For infection of non-rodent species, an envelope glycoprotein other than the ecotropic glycoprotein must be used to allow entry into the host cells. The one that endows the greatest host range is the VSV G glycoprotein, which allows infection of most species, including fish [11]. The G protein apparently also makes for a more stable particle, which allows for greater concentration of the virus preparations. For lineage analysis of avian species, packaging lines and vectors based upon avian retroviruses are available [12-14]. In addition, we recently found that avian retroviruses with the VSV G protein on their surface were more efficient at infecting chick embryos Figure 1 and [15]. Such virions gave the same titer as those with the avian A type env protein when they were titered on avian cells in vitro. However, when injected in vivo, the VSV G carrying particles give an approximately 350 fold more efficient infection, as judged by the number of clones in the retina, than the particles carrying the avian A env protein. Similar increases in efficiencies were noted throughout the embryo. We interpret these data to mean that cells within the avian embryo do not express high enough levels of the receptor for the A type env to be readily infected, but are not limited with respect to the ubiquitous phospholipid receptor for the VSV G protein [16]. We did not see this effect of increased efficiency of infection using murine vectors and murine embryos, but it is possible that different mouse strains vary in this regard.
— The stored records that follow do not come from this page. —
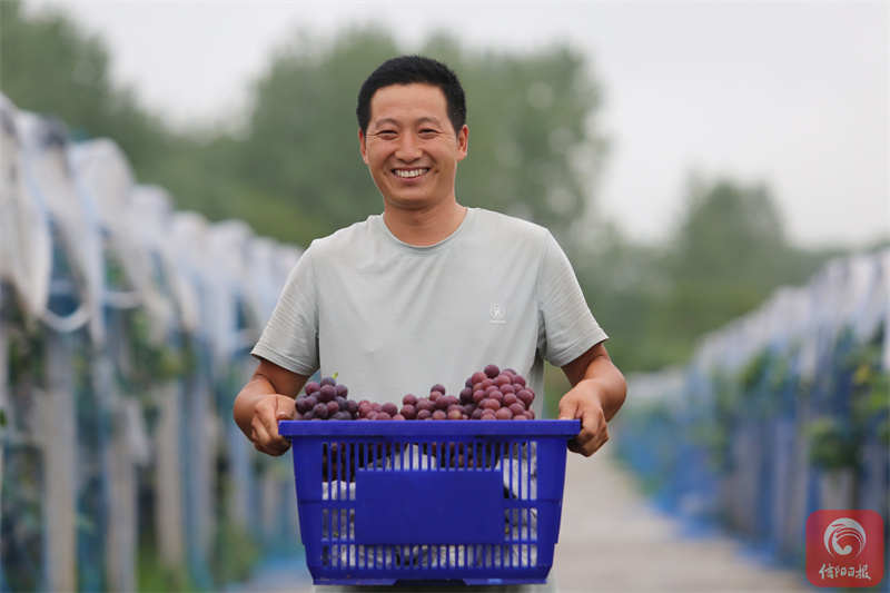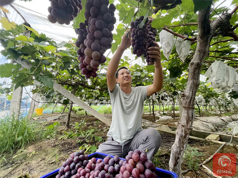 1988年出生的吕顺大学时学的是建筑和土建,毕业后在江苏等地参与过项目,2015年响应政府号召返乡创业。勤劳肯干能吃苦的他很快赢得乡亲们的信任,成了一名村干部,也成了远近有名的致富带头人。2021年,他从乡里转接下了这个因经营不善长年亏损的葡萄园。从那时起,他就带领着周围的乡亲们,在100多亩的葡萄园内重新挖沟、施肥、剪枝、挂(防鸟)网、套(防尘)袋。经过一年多坚持不懈地努力,2023年,葡萄园终于焕发出生机,重新开始挂果、丰收,可惜由于销售渠道不畅,加上8月份时,信阳连续降雨,严重影响了葡萄的产销,于是,今年吕顺便向信阳日报“云享信阳”助农团发出了求助信息。
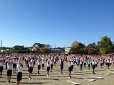 運動会に向けて全校運動で整列の仕方やラジオ体操を
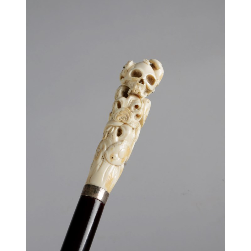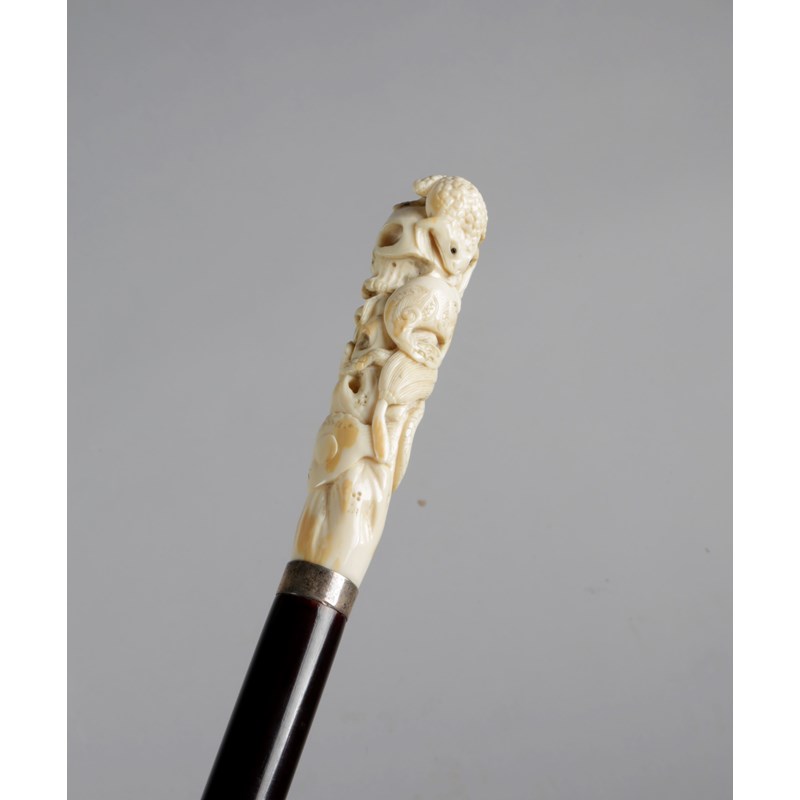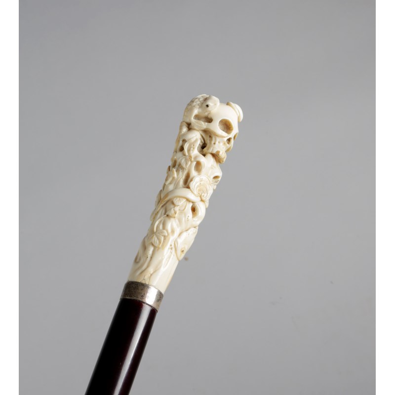 carved with two frogs, a skull, carp, a snake, a fly-whisk and leaves, above a silvered metal collar, an ebonised lacquered hardwood shaft and horn ferrule

Gaiano et al. found that murine virions carrying VSV G gave a slightly different spectrum of cell types following infection of the early mouse brain than virions carrying the murine ecotropic env [17].
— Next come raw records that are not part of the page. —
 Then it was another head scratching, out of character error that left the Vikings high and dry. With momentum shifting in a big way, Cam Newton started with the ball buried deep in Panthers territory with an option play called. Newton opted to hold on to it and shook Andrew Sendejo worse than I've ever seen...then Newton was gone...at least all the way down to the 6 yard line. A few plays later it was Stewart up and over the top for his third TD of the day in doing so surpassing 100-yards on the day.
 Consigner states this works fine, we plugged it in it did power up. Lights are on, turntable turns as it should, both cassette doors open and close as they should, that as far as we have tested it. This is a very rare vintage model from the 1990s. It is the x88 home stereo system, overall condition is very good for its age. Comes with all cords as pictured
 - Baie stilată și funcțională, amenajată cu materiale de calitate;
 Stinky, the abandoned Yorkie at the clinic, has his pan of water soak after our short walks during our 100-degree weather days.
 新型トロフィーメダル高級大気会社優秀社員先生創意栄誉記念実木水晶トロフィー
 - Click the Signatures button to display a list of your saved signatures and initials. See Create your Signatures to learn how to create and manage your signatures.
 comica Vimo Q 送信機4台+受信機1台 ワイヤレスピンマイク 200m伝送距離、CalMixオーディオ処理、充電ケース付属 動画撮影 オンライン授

Two other parameters to be considered when choosing a vector for lineage analysis are the reporter gene and the promoter that drives its expression. The reporters that have been used include cytoplasmic lacZ [18], nuclear lacZ [19], human placental alkaline phosphatase (PLAP) [20], and avian gag [21]. More recently, there are vectors encoding green fluorescent protein (GFP) [22]. We have found advantages and disadvantages in the use of each of these reporters. When deciding which reporter to use, we first consider the background activities in the tissue of interest. Although the lacZ gene gives a stable, reliable, and specific signal in most cells using Xgal detection [23], there is problematic b-galactosidase background in a few tissues. Control staining with Xgal thus should be done to determine if it is a problem in an area of interest. Changes in the fixation and staining conditions can reduce b-galactosidase background [24]. Similarly, PLAP staining is reliable and stable, with heat treatment of the infected tissue rendering most endogenous alkaline phosphatases inactive. However, in some tissues residual alkaline phosphatases cause a backgroud problem. In such cases, inhibitors of endogenous alkaline phosphatases may solve the problem [25]. When using GFP, the signal from the introduced GFP can be weak, and thus background fluorescence in the tissue can be a problem. We have found that tissue sections prepared on a vibratome yield bright GFP+ cells, but the same tissue sectioned on a cryostat gives much dimmer and more ill-defined GFP+ cells.

The second issue to consider is how one wishes to define the cell types expressing the reporter gene. In some cases, the morphology of the infected cells indicates their identity. In such cases, we recommend that one use lacZ or PLAP with histochemical detection, which is the simplest and most rapid way to find the infected cells. Moreover, the Xgal precipitate formed by b-galactosidase and the XP/NBT product of PLAP are stable for months of storage, allowing one time to analyze many sections. However, there are differences between lacZ and PLAP that will direct your choice of which one to use for morphological identification. LacZ typically does not fill the cell bodies of large cells, such as neurons, as completely as PLAP. Thus, when it is desirable to characterize cells via their morphology, PLAP, which associates with the plasma membrane, is superior to lacZ. PLAP is also the most sensitive of the reporters that we have used, most likely due to the fact that it is a very stable enzyme. However, PLAP can produce such a dense stain that, when clonally-related cells are close together, we have been unable to count the number of cells in a clone or distinguish the morphologies of individual cells (see [26] for an example). In such cases, nuclear lacZ is very useful.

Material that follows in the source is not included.